Prices are on everyone’s minds these days. Brian Potter looks underneath the costs of the finished products and services that we typically track to examine the costs of the commodities that go into them…

This American Enterprise Institute chart [above], which breaks down price changes for different types of goods and services in the consumer price index, has by now become very widely known. A high-level takeaway from this chart is that labor-intensive services (education, healthcare) get more expensive in inflation-adjusted terms over time, while manufactured goods (TVs, toys, clothing) get less expensive over time.

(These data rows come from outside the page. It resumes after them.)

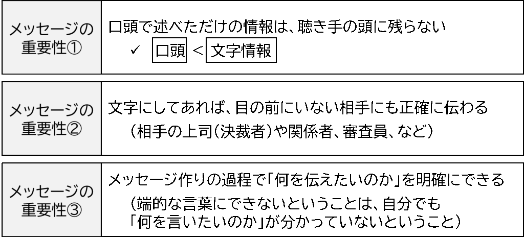 • メッセージ(お題目や問いに対する答え。つまり、そのページで言いたいこと)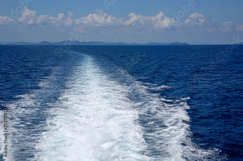 Fototapeta premium waves of water behind high speed catamaran on Thailand Gulf
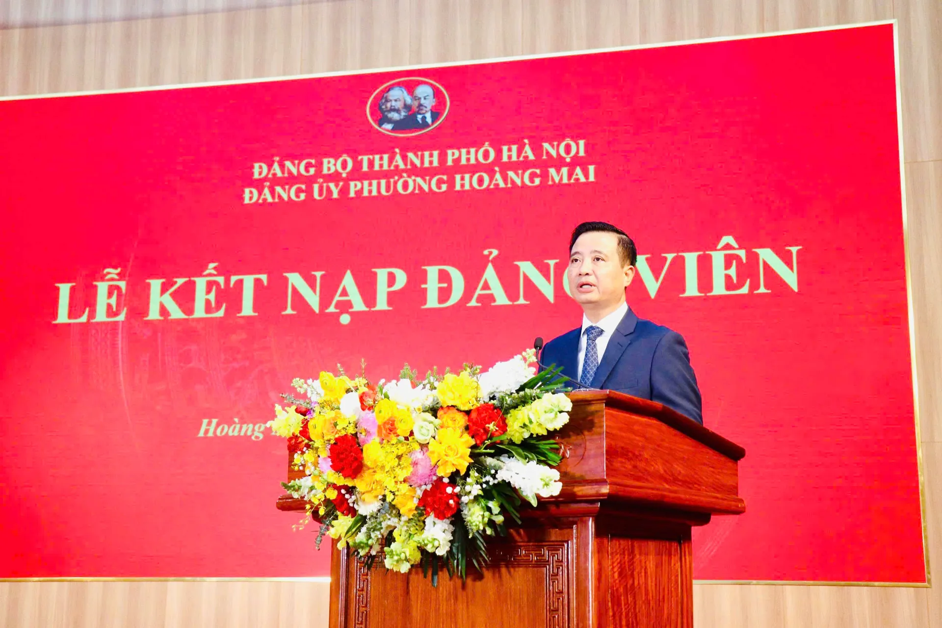 Phát biểu và giao nhiệm vụ, Bí thư Đảng ủy, Chủ tịch HĐND phường Hoàng Mai Nguyễn Xuân Linh gửi lời chúc mừng tới 43 thanh niên nhập ngũ năm 2026 và 5 thanh niên ưu tú được kết nạp Đảng.

But there are many types of goods that aren’t shown on this chart. One example is commodities: raw (or near-raw) materials mined or harvested from the earth. Commodities have many similarities with manufactured goods: they’re physical things that are produced (or extracted) using some sort of production technology (mining equipment, oil drilling equipment), and many of them will go through factory-like processing steps (oil refineries, blast furnaces). But commodities also seem distinct from manufactured goods. For one, because they’re often extracted from the earth, commodities can be subject to depletion dynamics: you run out of them at one location, and have to go find more somewhere else. In my book I talk about how iron ore used to be mined from places like Minnesota, but as the best deposits were mined out steel companies increasingly had to source their ore from overseas. And the idea of “Peak Oil” is based on the idea that society will use up the easily accessible oil, and be forced to obtain it from increasingly marginal, expensive-to-access locations.

(Some commodities, particularly agricultural commodities that can be repeatedly grown on a plot of land, don’t have the same sort of depletion dynamics, though bad farming practices can degrade a plot of land over time. Other commodities get naturally replenished over time, but can still get used up if the rate of extraction exceeds the rate of replenishment; non-farmed timber harvesting and non-farmed commercial fishing come to mind as examples.)

Going into this topic, I didn’t have a great sense of what price trends look like for commodities in general. Julian Simon famously won a 1980 bet with Paul Ehrlich that several raw materials — copper, chromium, nickel, tin, and tungsten — would be cheaper (in inflation-adjusted terms) after 10 years, not more expensive. But folks have pointed out that if the bet had been over a different 10-year window, Ehrlich would have won the bet.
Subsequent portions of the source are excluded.